Sur un marché du travail globalisé, la concurrence est telle qu’elle produit un important turn-over au sein des compagnies africaines qui peinent à convaincre leurs collaborateurs de rester face aux offres alléchantes des rivaux européens ou nord-américains.

« Les recruteurs ont tellement besoin de maintenir le flux qu’ils veulent de plus en plus un accès privilégié à nos étudiants », explique Hassan Filali, du réseau Honoris United Universities. Le recours au projet de fin d’étude (PFE) devient l’occasion pour les recruteurs de promettre une embauche directe à leur stagiaire dès leur diplomation. « Le taux d’insertion est quasi de 100 % sauf pour ceux qui décident de poursuivre leurs études », estime-t-il.

« Au Maroc nous n’avons aucun problème à recruter des profils juniors. En revanche, sur des profils expérimentés, managers ou spécialisés sur des technologies de pointe, il nous faut parfois chercher en dehors du royaume », indique Abdelali El Ansari, directeur général adjoint au Maroc de l’entreprise de services numériques CGI, qui indique que ces problématiques de recrutement sont valables aussi à l’international.

Ce groupe canadien, présent depuis 2004 au royaume chérifien, cultive ses relations avec l’ensemble des écoles d’ingénieurs du pays et s’autorise parfois à recruter ailleurs au Maghreb et plus rarement en Afrique de l’Ouest pour des raisons de lourdeurs administratives.
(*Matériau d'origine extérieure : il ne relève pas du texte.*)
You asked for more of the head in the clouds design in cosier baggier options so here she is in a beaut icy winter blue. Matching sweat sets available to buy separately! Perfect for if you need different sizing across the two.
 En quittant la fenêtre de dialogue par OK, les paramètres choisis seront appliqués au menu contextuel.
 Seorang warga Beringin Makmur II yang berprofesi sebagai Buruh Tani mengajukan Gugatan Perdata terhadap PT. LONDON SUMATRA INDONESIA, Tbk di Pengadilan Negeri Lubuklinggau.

À Fès, où CGI a implanté en 2017 un centre d’excellence, un partenariat a été noué en 2018 avec l’Université Euro-Méditerranéenne de Fès pour créer l’École du développeur (U’Dev) sur le modèle des centres de formation du groupe déjà développés en France et qui permet à l’entreprise de former ses futurs collaborateurs.

« U’Dev nous permet d’avoir une action sociétale et de former des jeunes d’une région défavorisée issus de bac+2 pour les adapter à nos métiers à niveau bac+3, mais ce n’est pas ce qui répondra au problème de la fuite des cerveaux sur le long terme », indique toutefois Abdelali El Ansari.
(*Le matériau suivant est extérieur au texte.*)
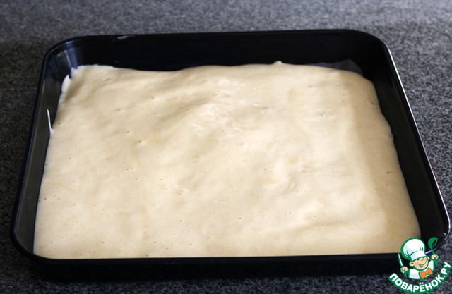 Аккуратно размазываем тесто по форме и выпекаем 10-15 мин. смотрите по вашей духовке. Очень важно не перепечь иначе не будет видно наших вишенек.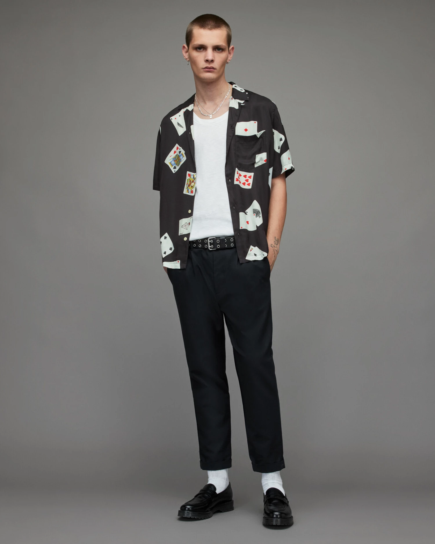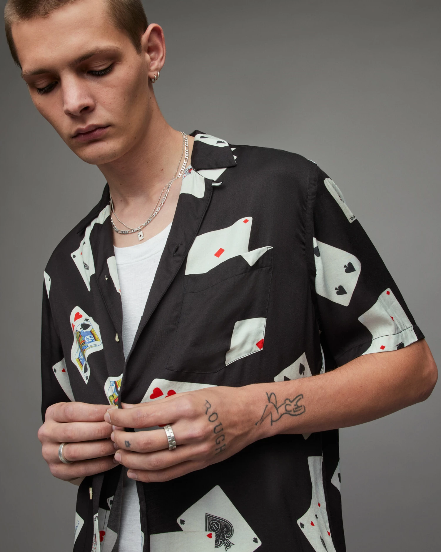 We’re not playing with the Holdem Shirt. Shaped to a relaxed fit with our new card-theme graphic all over. Completed with a camp collar and chest pocket – it works.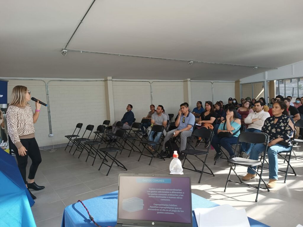 En esta oportunidad, los futuros propietarios y propietarias del Condominio Carmen Bascuñán se reunieron con el equipo de Conavicoop para la realización de un taller, parte del Plan de Integración Social, en el que conversamos sobre las responsabilidades que conlleva la casa propia, además de consejos sobre distintos procesos legales, entregados por una de nuestras abogadas.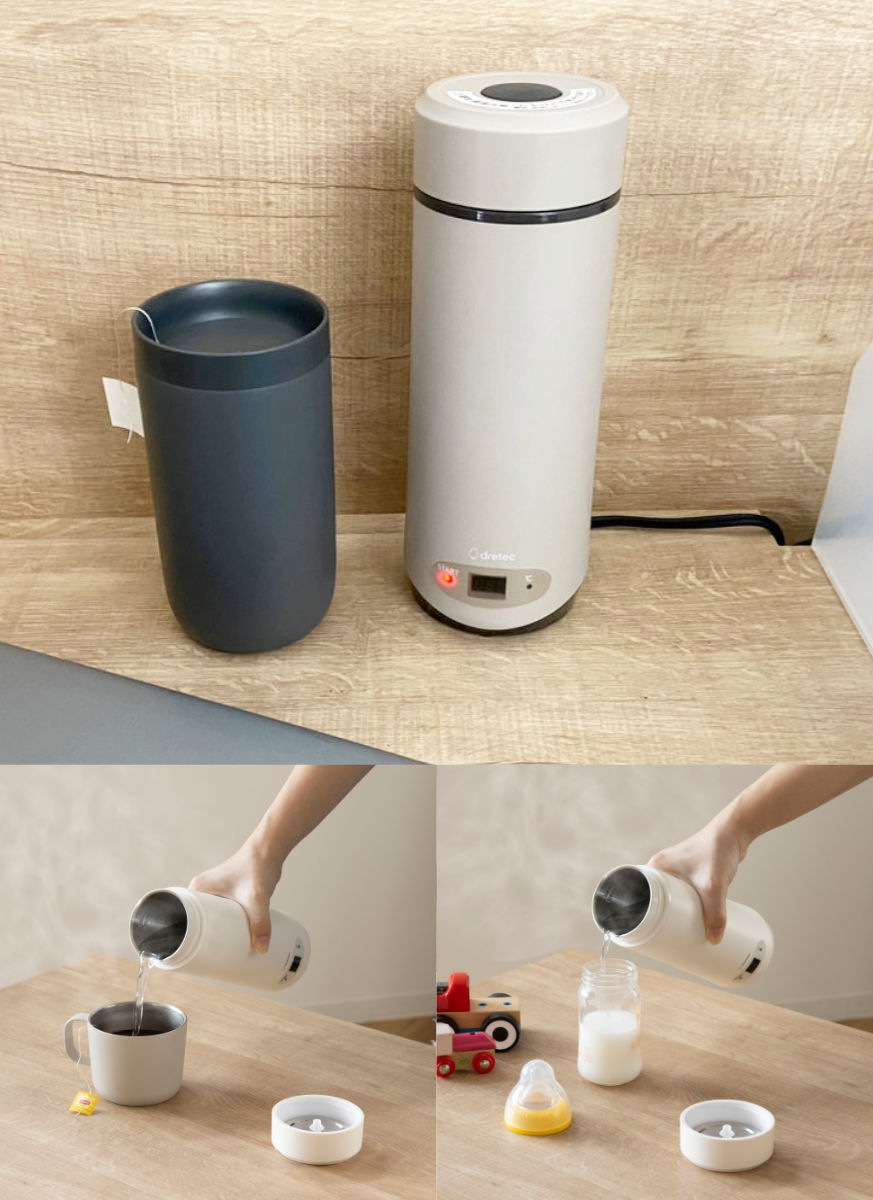コンセントやポータブル電源に繋げばどこでもお湯が沸かせるので、オフィスに給湯スペースがなくてもインスタントラーメンやコーヒーが作れます。出張先や旅行先、外出先での赤ちゃんのミルク作りや入院時など、様々なシーンで大活躍します。

Revenir au Maroc grâce aux compétences tech

Confrontés depuis deux ou trois ans à une fuite massive des ingénieurs marocains fraichement diplômés vers l’Europe, les dirigeants de CGI ne sont pas pour autant défaitistes quant à la possibilité de convaincre ces profils de revenir un jour au Maroc.

« Une bonne partie de nos managers actuels sont des personnes qui ont fait un bout de carrière ailleurs. Ça donne des idées et ça rassure les candidats qui hésitent », constate Abdelali El Ansari, le directeur général adjoint de l’entreprise au Maroc. À titre d’exemple, le patron du site de CGI à Fès a passé huit ans chez CGI à Paris avant de revenir en 2010 en tant que directeur de projet à Rabat.

« Le monde entier chasse nos talents et partir en France ou ailleurs permet assurément d’accélérer une carrière mais les projets et les missions proposées au Maroc, ainsi que les aspects familiaux peuvent jouer sur une décision de revenir », observe El Ansari.